Старик весь передергивается, будто случайно схватился за двести двадцать вольт, замахивается черпаком и вдруг достает из самой гущи бочки свои соблазнительные богатства с прилипшими к ним веточками укропа, листиками, какими-то ягодами.
— На-ка, накося, весь черпак спробуйте, — кричит он нам, мелко перебирая твердыми потрескавшимися губами. — Выплюнешь аль нет? Огурчики раз к разу, с самого перегною, витамины на все буквы!
Мы гурмански пробуем, оттяпывая молодыми зубами сразу по пол-огурца, поднимаем глаза к небу, словно сравнивая эти огурцы — «с самого перегною» — с другими, когда-либо съеденными в нашей жизни.
Обычно в это время Ленька начинает, гнусно фальшивя, насвистывать «Я на речку шла», значит, все в порядке. Сцена не нуждается в дальнейшем развитии.
— Да, дедушка, — говорит Вовик, — продукт твой хорош, и сразу видно, что на перегное.
— На самом! — подтверждает дед.
— Но у нас отсутствуют пенёнзы, мы, правда, на правах общественников-дегустаторов можем подтвердить перед всем базаром или перед другим любым честным собранием, что огурчики у тебя отменные!
— Поэтому к тебе и обращаемся, — говорит Ленька, выглянув из-за наших плеч.
Мы организованно отходим, прикрывая Леньку, у которого под телогрейкой бугрится добыча.
— Покупщики! — презрительно кричит нам в спины дед. — Таких покупщиков на базар пускать не надо!
Необъяснимый феномен — к старику мы приходили четыре дня. К одному и тому же старику четыре дня подряд. Как он нас не запомнил — совершеннейшая загадка. Склероз. Не курите, дети! И никогда не пейте водки!

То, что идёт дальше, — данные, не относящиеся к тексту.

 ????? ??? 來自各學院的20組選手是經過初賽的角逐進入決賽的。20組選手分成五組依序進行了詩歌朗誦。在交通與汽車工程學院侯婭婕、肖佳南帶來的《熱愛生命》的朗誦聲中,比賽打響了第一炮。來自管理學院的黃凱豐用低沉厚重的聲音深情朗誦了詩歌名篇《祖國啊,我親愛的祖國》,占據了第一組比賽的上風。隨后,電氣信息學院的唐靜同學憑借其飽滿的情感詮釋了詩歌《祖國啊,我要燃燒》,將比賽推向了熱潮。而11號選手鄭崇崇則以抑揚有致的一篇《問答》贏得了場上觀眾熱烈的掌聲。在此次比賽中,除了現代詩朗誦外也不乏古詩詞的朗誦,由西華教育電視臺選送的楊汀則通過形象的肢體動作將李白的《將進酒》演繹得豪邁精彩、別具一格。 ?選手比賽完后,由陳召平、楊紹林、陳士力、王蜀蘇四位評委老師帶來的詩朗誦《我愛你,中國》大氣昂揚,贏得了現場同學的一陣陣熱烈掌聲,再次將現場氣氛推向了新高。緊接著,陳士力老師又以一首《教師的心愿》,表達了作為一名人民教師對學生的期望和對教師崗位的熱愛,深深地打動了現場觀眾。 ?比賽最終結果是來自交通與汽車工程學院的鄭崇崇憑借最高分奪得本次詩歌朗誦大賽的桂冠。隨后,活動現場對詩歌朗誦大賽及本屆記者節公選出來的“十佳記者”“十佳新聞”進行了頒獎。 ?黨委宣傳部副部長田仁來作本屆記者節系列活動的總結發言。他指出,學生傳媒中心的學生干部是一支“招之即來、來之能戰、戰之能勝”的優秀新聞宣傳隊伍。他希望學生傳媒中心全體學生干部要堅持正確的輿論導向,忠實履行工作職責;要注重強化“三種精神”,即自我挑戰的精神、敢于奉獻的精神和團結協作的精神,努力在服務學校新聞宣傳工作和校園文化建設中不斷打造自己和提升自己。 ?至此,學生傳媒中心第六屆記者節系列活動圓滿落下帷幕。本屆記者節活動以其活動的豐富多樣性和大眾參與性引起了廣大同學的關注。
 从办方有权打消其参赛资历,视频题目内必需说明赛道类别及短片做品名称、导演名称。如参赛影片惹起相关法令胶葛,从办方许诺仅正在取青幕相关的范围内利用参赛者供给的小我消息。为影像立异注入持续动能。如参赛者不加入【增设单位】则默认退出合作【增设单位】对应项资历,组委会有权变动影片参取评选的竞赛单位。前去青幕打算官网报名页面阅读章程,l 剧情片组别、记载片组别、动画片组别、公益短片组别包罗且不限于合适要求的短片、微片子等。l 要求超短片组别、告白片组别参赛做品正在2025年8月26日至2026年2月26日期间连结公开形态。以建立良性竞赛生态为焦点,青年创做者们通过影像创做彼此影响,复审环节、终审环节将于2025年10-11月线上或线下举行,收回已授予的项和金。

По вечерам мы ходили ужинать в ресторан речного вокзала. Помещался он на втором этаже огромного деревянного дома. Входящего в это грязное помещение сразу же поражало гигантское панно, занимавшее всю стену. На панно были изображены атлетические моряки в полной парадной форме и девушки в купальных костюмах с глупыми лицами. Все они бежали куда-то по обрывистому берегу реки. По реке, в свою очередь, плыл, свирепо дымя, большой пароход. Река была темно-синяя, небо — голубое, облака — белые.
Мы усаживались в углу, брали рыбу, хлеб, водку. Грязный зал ресторана, покачиваясь, плыл в табачном дыму промозглой речной ночи. Неведомый человек, заводивший пластинки, ставил через одну песню «Замела метель дорожки, запорошила», и это напоминание о близком снеге, о зиме звучало как эпиграф к нашей будущей жизни. Леньке песня нравилась очень, он, грустно подперев голову добротным кулаком, на котором были выколоты две горы, солнце, встающее из-за них, и слова «Привет из Заполярья», тихонечко нахныкивал эту песню.

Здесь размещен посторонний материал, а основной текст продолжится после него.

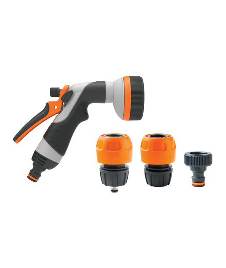 Con 8 getti selezionabili, regolatore di flusso, impugnatura ergonomica ed attacco quick. Completa di presa a rubinetto da 3/4", raccordo portagomma aperto e aquastop. Per tubi da 1/2" a 5/8"
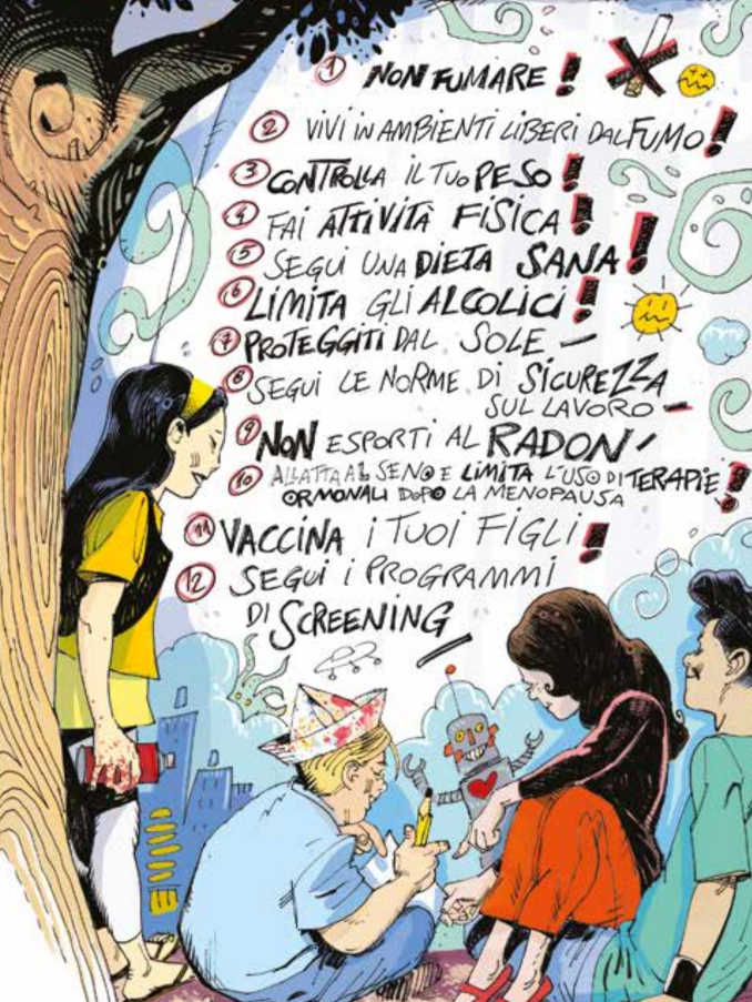 Non fumare, fare attività fisica, seguire una sana alimentazione, evitare gli alcolici e aderire ai programmi di vaccinazione adolescenziale per l’epatite B e il papillomavirus: sono solo alcune delle 12 Regole, protagoniste della “guida” in formato graphic novel, ideata da Maurizio Rosenzweig, uno dei più apprezzati fumettisti italiani, scaricabile gratuitamente dal sito web www.reteoncologica.it/graphic-novel-il-segreto-delle-12-regole, dove è possibile trovare anche tante informazioni sulla prevenzione oncologica e mettersi alla prova con i quiz di autovalutazione.
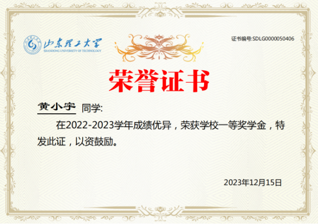 2022-2023校一等奖学金
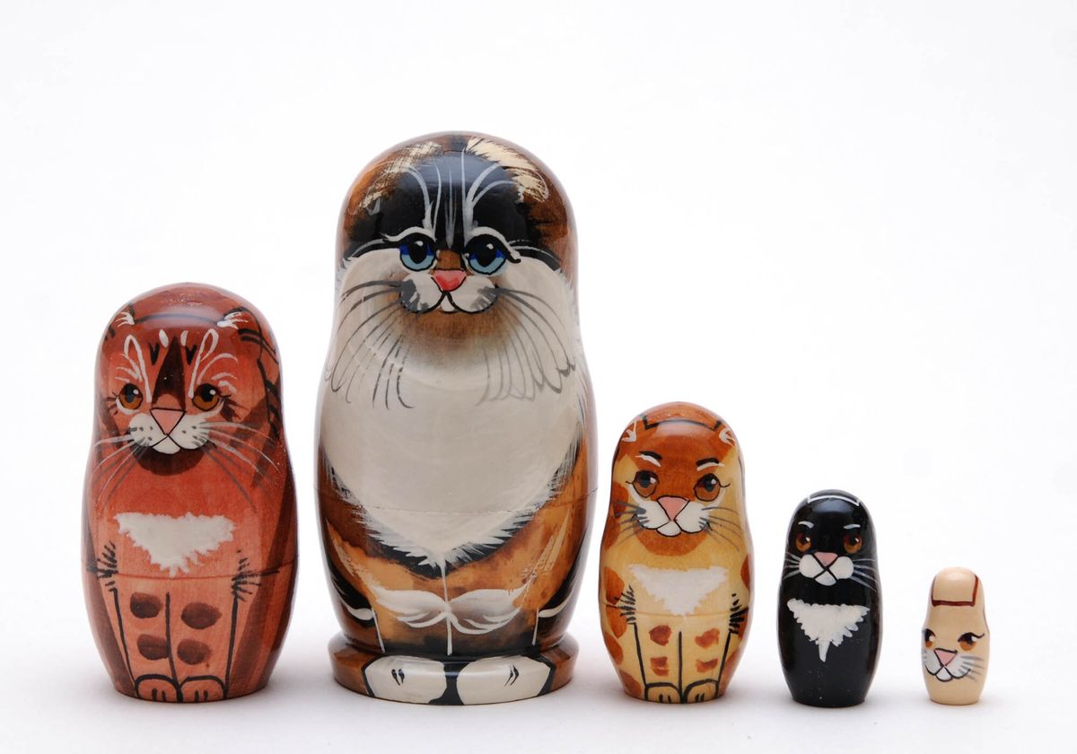 Рис. 1.1 Авторская матрёшка с изображением сов, автор и фотограф неизвестен. Рис. 1.2 Авторская матрёшка с изображением котов, автор и фотограф неизвестен.
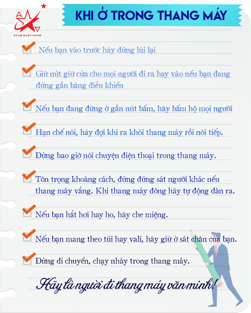 Văn hóa ứng xử khi đi thang máy ở Việt Nam rất cần lan tỏa và phổ biến rộng rãi hơn đến mọi người. Chúc các bạn có thêm nhiều thông tin hữu ích cho cuộc sống của mình.
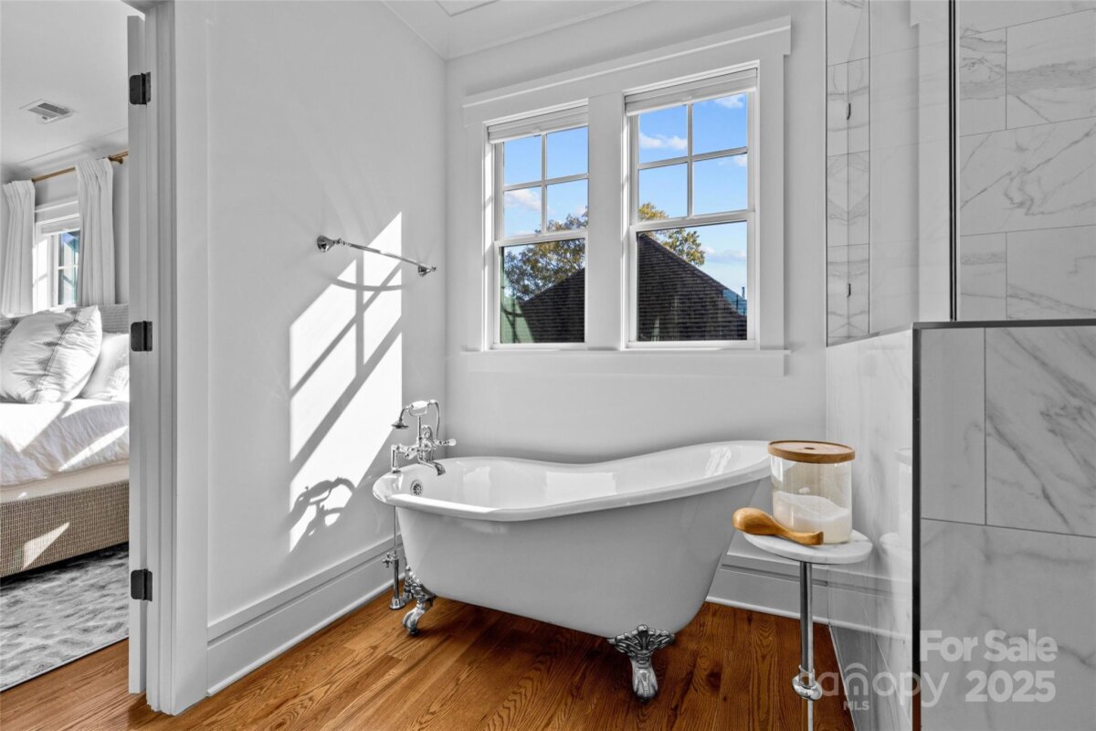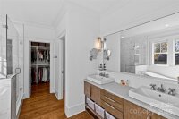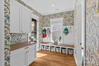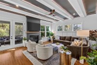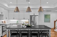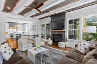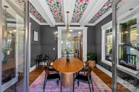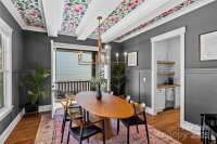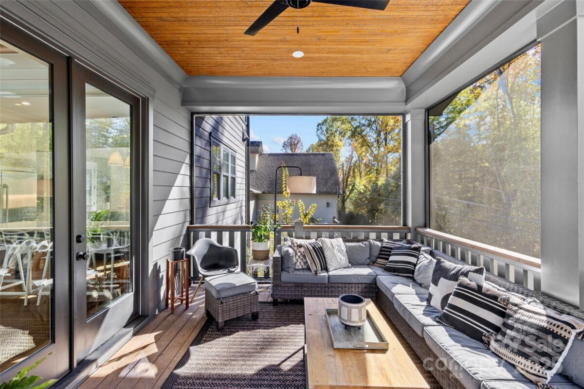Custom-built home by Carolina Craftsman in the highly sought-after neighborhood of Chantilly features 5 bedrooms, an office, a loft, a 6th room that can also be a bedroom or additional office or gym, plus another full kitchen on the lower level combined with another living space anchored by the 2nd gas fireplace, making this home perfect for multi-generational or large families, providing a very flexible floorplan as your family grows. The screened-in, elevated back porch expands the living space on the main level, overlooking the almost maintenance-free yard with artificial turf, an oversized stone patio featuring an in-ground gas fire pit, and ample seating and privacy for entertaining. Out front, the huge wraparound porch with side entrance into the mud room and drop zone further accent the long list of features in this home. Lightly lived-in and well-appointed with hardwood floors throughout, high ceilings, craftsman finishes, tons of storage both inside and out with custom hand-painted walls by a local artist all on one of the very best streets in Chantilly backing up to Little Sugar Creek, Chantilly Park, and the Chantilly Ecological Preserve all filtered by mature landscaping. A must-see for the neighborhood!
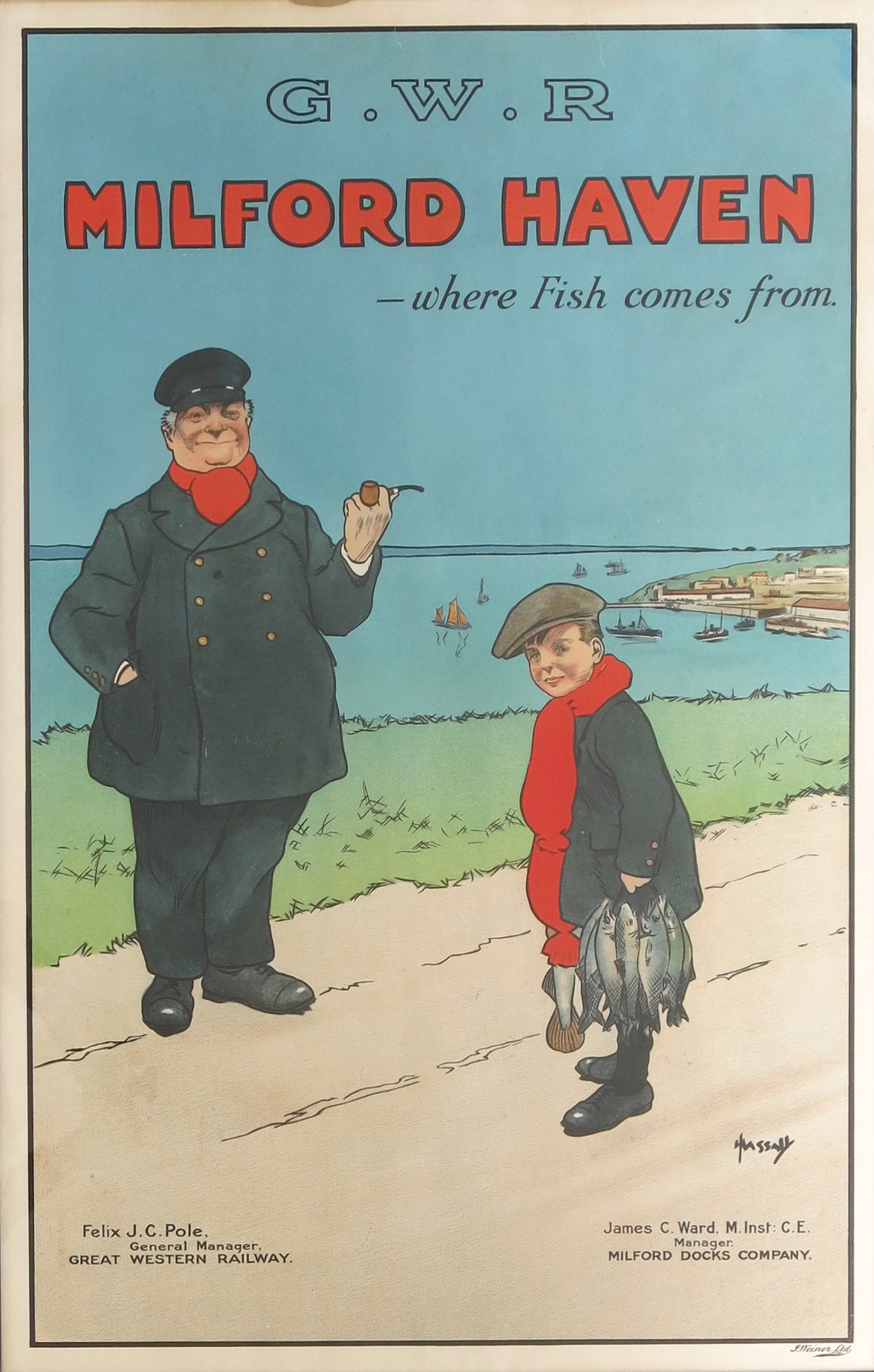 John Hassall (1868-1948) Milford Haven - Where Fish Come From a GWR lithographic poster published...

— Законное произведение, — говорил он.
— Дрянь, — говорил Вовик, — бугешничек для комсомольского актива.
— Ты, Ленька, с Вовиком не спорь, — говорил я, — он у нас после армии станет народным артистом СССР Советского Союза. Понял? У него корреспондентки из газет будут мнение насчет песен спрашивать. Он будет отвечать на молодежные анкеты: «Что бы вы сказали, если бы вы первым из людей увидели пришельца из космоса?»
— Я б ему сказал, — сказал Ленька, — иди ты!..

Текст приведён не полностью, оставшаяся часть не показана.